WORK INSTRUCTIONS: Repeat the data that follows exactly, starting at the line with "Dressing room featuring" and ending at the line with "古着 オーバーサイズ 総柄シャツ コーデュロイシャツ 細畝 ボタンダウンシャツ", and leave out every picture.

DATA FOR REVIEW:

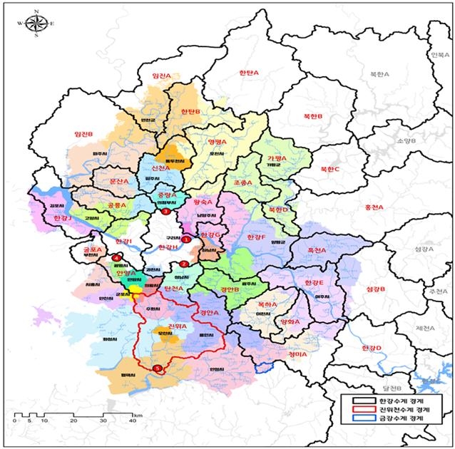 - 용인, 군포, 의왕은 한강과 진위천, 안성은 3개 수계 모두 해당
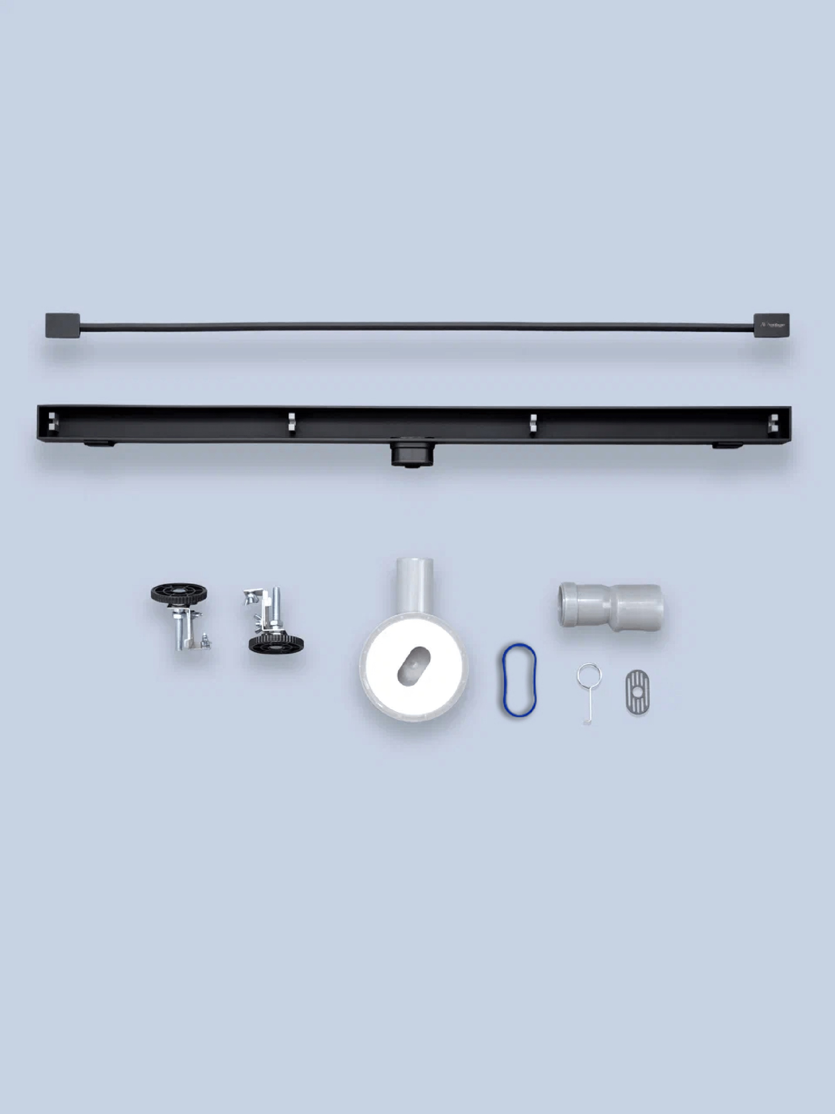 регулируемые опоры / выдерживает нагрузку до 300 кг / высокая пропускная способность / поворотный сифон 360° с регулировкой по высоте / съемный клапан сифона / решетка
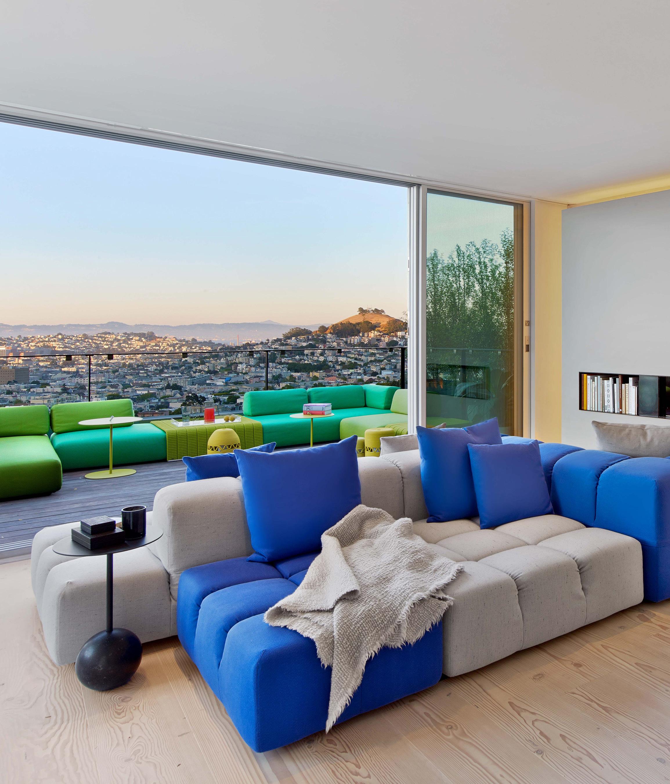 DECK Sliding door, Norwood EX 3070-Series, Fleetwood. Outdoor furniture, Orlando Sofa System, Strap side table and Frame outdoor low table, Paola Lenti. Office, Muuto 70/70
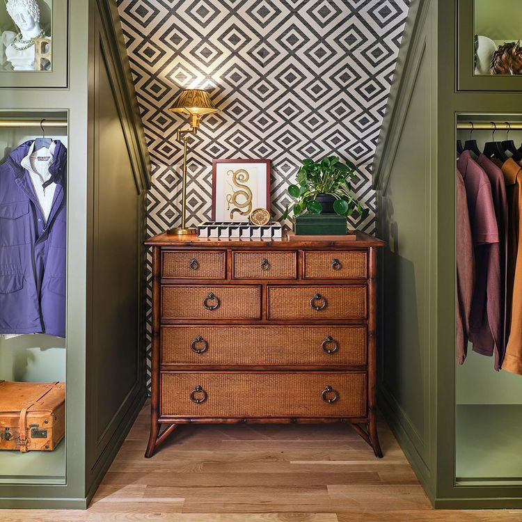 Dressing room featuring a SCOUTed vintage chest designed by @burklecreative and photoed by @stephen_karlisch_photo.
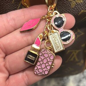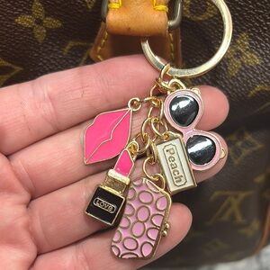 playful keychain with pink and gold accents.
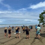It was an early start to the day with a 6 o’clock wakeup to get ready for the second day of our sea turtle project. The beaches were cloudy and the water stormy and a slight drizzle fell on us as we slept on the beach for the first part of the day. We all gathered up our stuff and went under a tree to seek shelter from the light rain. We all eat tortilla chips and muffins for a snack and played ninga to kill time. After a lazy morning we were excited to finally catch our first turtle and then the second (both hawksbills). We got to work measuring, microchipping, and weighing them. It’s so interesting learning the certain ways they need to be taken care of. The day was full of excitement with caring for the turtles but balanced with a relaxing swim in the rain. A group of us found a tree log and swam with it for the rest of the day trying not to get dragged out too far away from shore.
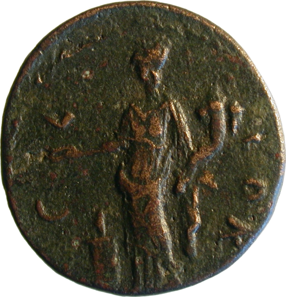 turreted Concordia/Homonoia (or Fortuna/Tyche?) standing, left, holding patera over altar and cornucopia
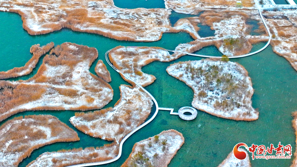 空中俯瞰張掖國家濕地公園,它宛如一幅寧靜的山水畫,湖畔的垂柳和蘆葦仿佛戴上了潔白的雪帽,顯得格外嫵媚;甘州府城中的仿古建筑在雪景的襯托下更顯寧靜與高雅。古城鐘鼓樓、張掖西站和文津公園等景區(qū),無一不被銀裝覆蓋,呈現出一種古樸而典雅的美。
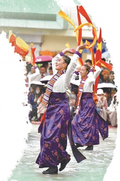 春節(jié)假期,每到傍晚時(shí)分,四川省阿壩藏族羌族自治州若爾蓋縣城中心的北上廣場(chǎng)都會(huì)準(zhǔn)時(shí)響起歡快的鍋莊曲,遠(yuǎn)道而來(lái)的游客與當(dāng)?shù)厝罕娨黄鹛饸g快的鍋莊。伴著音樂(lè),鮮艷的長(zhǎng)袖在風(fēng)中劃出道道弧線,腰飾隨著舞步搖曳,男女老少?lài)梢蝗ΑⅣ嫒黄鹞琛?/p>
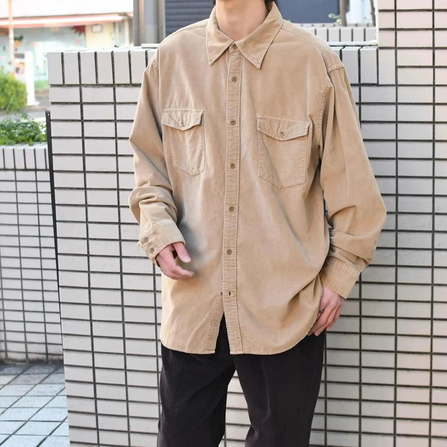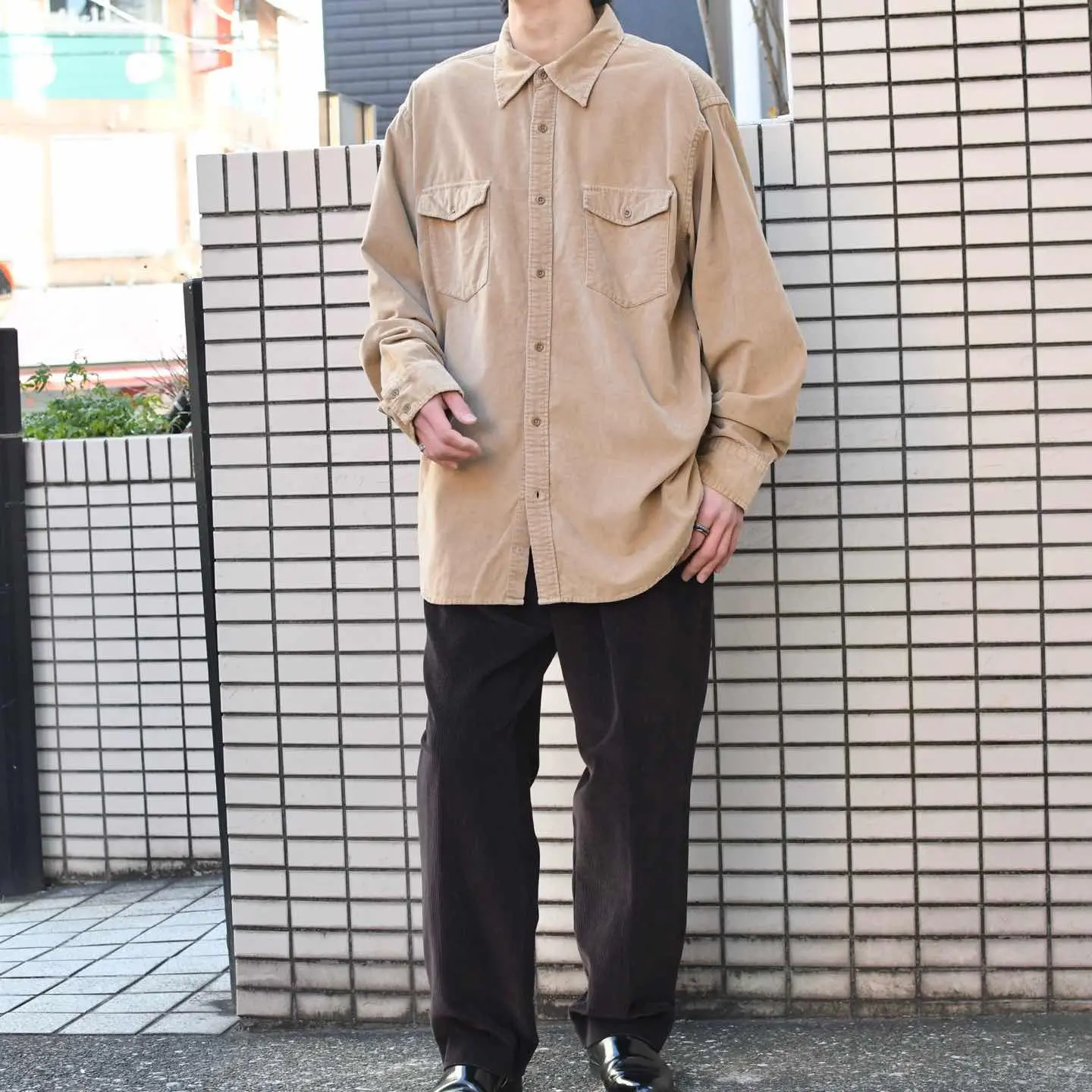 古着 オーバーサイズ 総柄シャツ コーデュロイシャツ 細畝 ボタンダウンシャツ
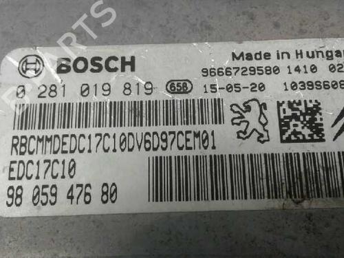 The reference 0281019819 corresponds to a Bosch EDC17C10 engine control unit used in Citroën and Peugeot vehicles with a 16 HDi engine. Its price varies depending on the condition and the seller. Technical specificationsManufacturer: BoschBosch reference: 0281019819 / 0 281 019 819Associated PSA reference: 9805947680 / 98 059 476 80Management system: EDC17C10-511Compatible engine: 16 HDi (DV6C 9HP)Typical power: 92 CVVoltage: 12 VFunctions: Control of injection, turbo, EGR sensors, electronic engine management. Compatible vehiclesMakeModelApproximate yearEngineFuelCitroënC3 II / C42009–201516 HDiDieselPeugeot208 / Expert2012–201616 HDiDieselAlso compatible with other PSA versions with DV6C engine and EDC17C10 system
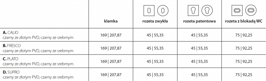 Tabela dostępności rozet dla klamek PORTA PRESTIGE
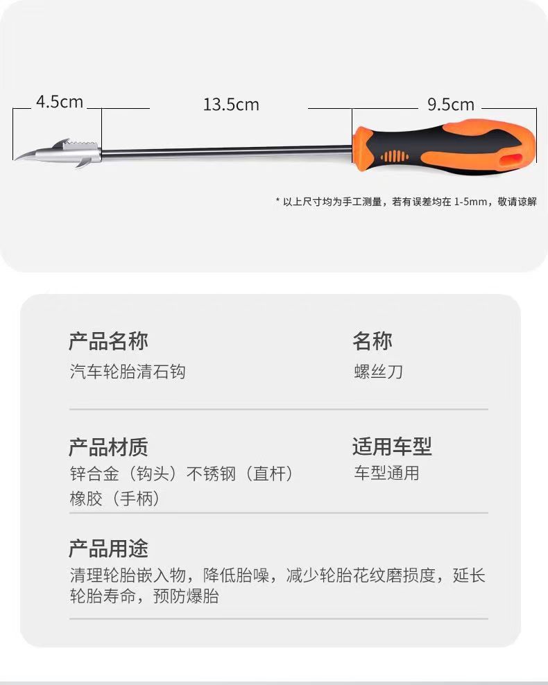 자동차 타이어 스톤 클리닝 후크, 스톤 클리닝 도구, 스톤 제거 스테인레스 스틸 후크, 다기능 타이어 스크레이퍼
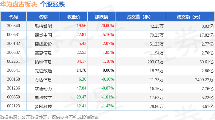 证券之星消息,12月30日华为盘古板块较上一交易日上涨0.95%,酷特智能领涨。当日上证指数报收于3965.12,下跌0.0%。深证成指报收于13604.07,上涨0.49%。华为盘古板块个股涨跌见下表:

ANSWER FOR THE TASK:
 Dressing room featuring a SCOUTed vintage chest designed by @burklecreative and photoed by @stephen_karlisch_photo.
 playful keychain with pink and gold accents.
It was an early start to the day with a 6 o’clock wakeup to get ready for the second day of our sea turtle project. The beaches were cloudy and the water stormy and a slight drizzle fell on us as we slept on the beach for the first part of the day. We all gathered up our stuff and went under a tree to seek shelter from the light rain. We all eat tortilla chips and muffins for a snack and played ninga to kill time. After a lazy morning we were excited to finally catch our first turtle and then the second (both hawksbills). We got to work measuring, microchipping, and weighing them. It’s so interesting learning the certain ways they need to be taken care of. The day was full of excitement with caring for the turtles but balanced with a relaxing swim in the rain. A group of us found a tree log and swam with it for the rest of the day trying not to get dragged out too far away from shore.
 turreted Concordia/Homonoia (or Fortuna/Tyche?) standing, left, holding patera over altar and cornucopia
 空中俯瞰張掖國家濕地公園,它宛如一幅寧靜的山水畫,湖畔的垂柳和蘆葦仿佛戴上了潔白的雪帽,顯得格外嫵媚;甘州府城中的仿古建筑在雪景的襯托下更顯寧靜與高雅。古城鐘鼓樓、張掖西站和文津公園等景區(qū),無一不被銀裝覆蓋,呈現出一種古樸而典雅的美。
 春節(jié)假期,每到傍晚時(shí)分,四川省阿壩藏族羌族自治州若爾蓋縣城中心的北上廣場(chǎng)都會(huì)準(zhǔn)時(shí)響起歡快的鍋莊曲,遠(yuǎn)道而來(lái)的游客與當(dāng)?shù)厝罕娨黄鹛饸g快的鍋莊。伴著音樂(lè),鮮艷的長(zhǎng)袖在風(fēng)中劃出道道弧線,腰飾隨著舞步搖曳,男女老少?lài)梢蝗ΑⅣ嫒黄鹞琛?/p>
 古着 オーバーサイズ 総柄シャツ コーデュロイシャツ 細畝 ボタンダウンシャツ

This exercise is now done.